This notebook generates synthetic intertemporal choice data that we will use to test how well we can recover the data generating parameters and models. The notebook contains five major sections. First, we define deal with some preliminaries and define variables. Second, we sample model parameter values from the population. Representative parameter values and the relationships among them were based on a previous study [@Dai.Busemeyer2014] and personal communication with the lead author of that study, respectively. Values of parameters that were not part of the Dai & Busemeyer study were guessed and loosely based on another model of intertemporal choice [@Scholten.Read2010; Scholten.Read2013]. Third, using these parameter values, we simulate an indifferent point procedure. The indifferent point procedure will precede the intertemporal choice experiment and serves to estimate approximate indifference points for a set of delays. We will use an indifference point procedure suggested by Frye and colleagues [-@Frye.etal2016], because it is efficient and effective (i.e. our simulations showed that it gets reasonable estimates of indifference points). Fourth, based on the indifferent point procedure, we define experimental trials. Experimental trials are a factorial combination of large-but-later amount (1 level: \euro 43.52), small-but-soon amounts (3 levels: around, below, above indifference point), large-but-later delay (7 levels: 2, 4, 8, 16, 32, 64, 128 days), small-but-soon delay (0 days), frame (3 levels for defer/speedup effect: neutral, defer, speedup; 2 levels for date/delay effect: delay, date), and how many times each trial will be repated (4 levels: 2, 3, 4, 5 times). Fifth, model parameters and simulated experiments are saved to disk, so they can be used for for parameter and model recovery.
Clear data, values, and functions.
rm(list = ls())
Set state for random number generation. This ensures that results can be reproduced.
set.seed(19821101)
Make magrittr
's pipe accessible from notebook. Pipes enable clear expression of a sequence of multiple operations.
"%>%" <- magrittr::`%>%`
Identify the project directory. All paths in the code are relative to it.
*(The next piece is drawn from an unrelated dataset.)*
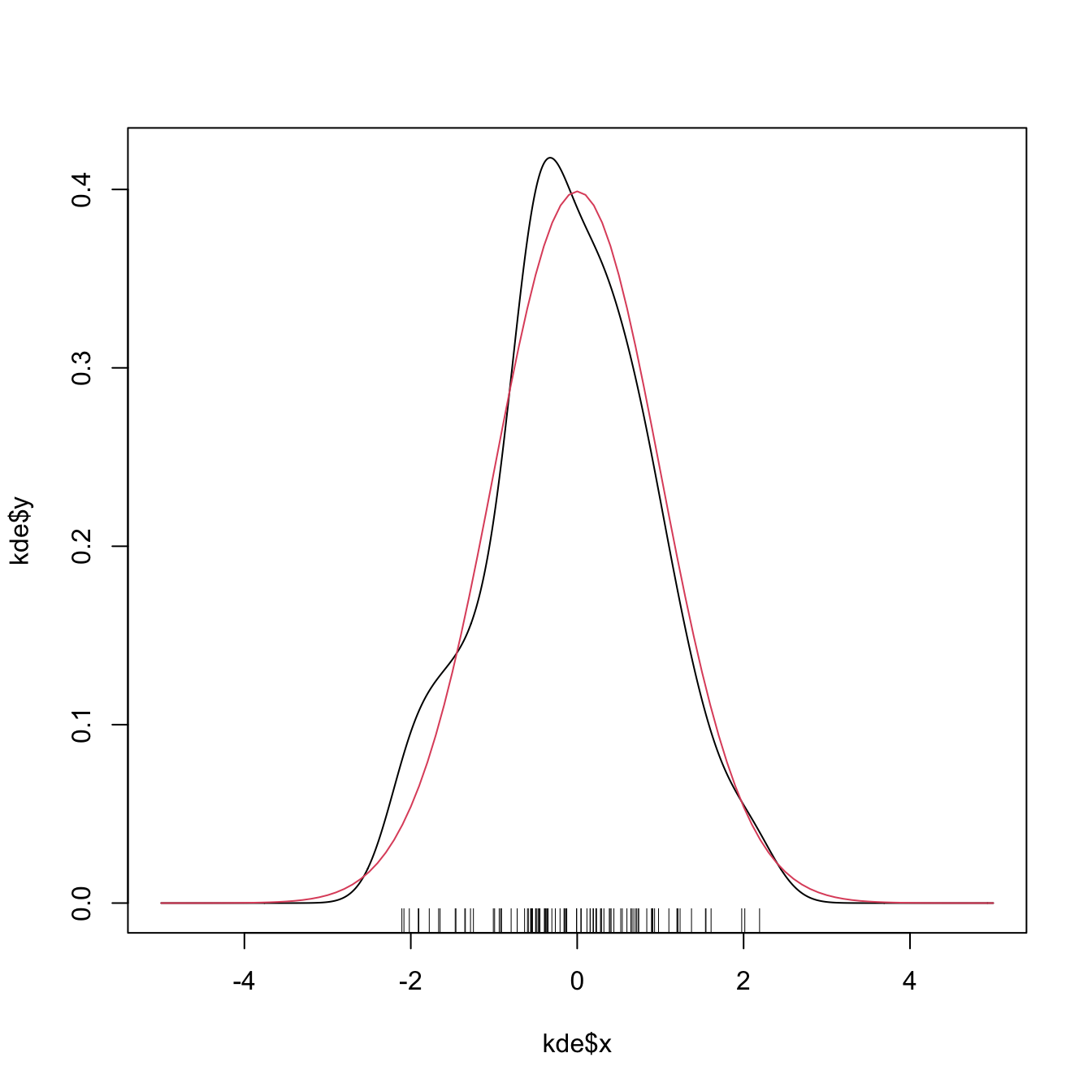 plot(density(x = samp, from = -4, to = 4), xlim = c(-5, 5))

project_dir <- rprojroot::find_root(rprojroot::has_file("DESCRIPTION"))
Define the name of the notebook (notebook_name
). It is used to save notebook output to a notebook-specific directory.
notebook_name <- "simulate_synthetic_data_for_parameter_and_model_recovery"
Define some output directories and verify their existence. Data simulated in this notebook is written to a notebook-specific directory inside simulations_dir
. If directories do not exist, they are created.
simulations_dir <- file.path(project_dir,"data","simulations") itchmodel::verify_output_dirs(base_dirs = list(simulations_dir), notebook_name = notebook_name)
Monetary amounts and temporal delays
The maximum amount of the larger-later option (m_ll
) and the time of outcome delivery of the smaller-sooner option (t_ss
) are constant across trials. The delay between the smaller-sooner and larger-later option (t_lls
) increases exponentially.
m_ll <- 43.52 # 0.17 * 2^8 = 43.52 -> this means we can vary amounts in steps of 17 or 34 cents t_ss <- 0 # small amount delivered immediately t_lls <- c(2,4,8,16,32,64,128) # Exponentially increasing delays, as suggested by Frye et al., JOVE, 2016
Indifference point procedure
Set the number of trials that must be completed to determine an indifference point at each delay (n_staircase_trials
).
n_staircase_trials <- 8 # For each delay, participants perform 8 choices in staircase procedure
Experimental procedure variables
Specify how many times a trial (i.e. a factorial combination of frame
, m_s
, m_l
, t_s
, and t_l
) is repeated in the experiment (n_repetition
). We create different data sets in order to determine how many repetitions are needed to satisfy sufficiently accurate parameter and model recovery.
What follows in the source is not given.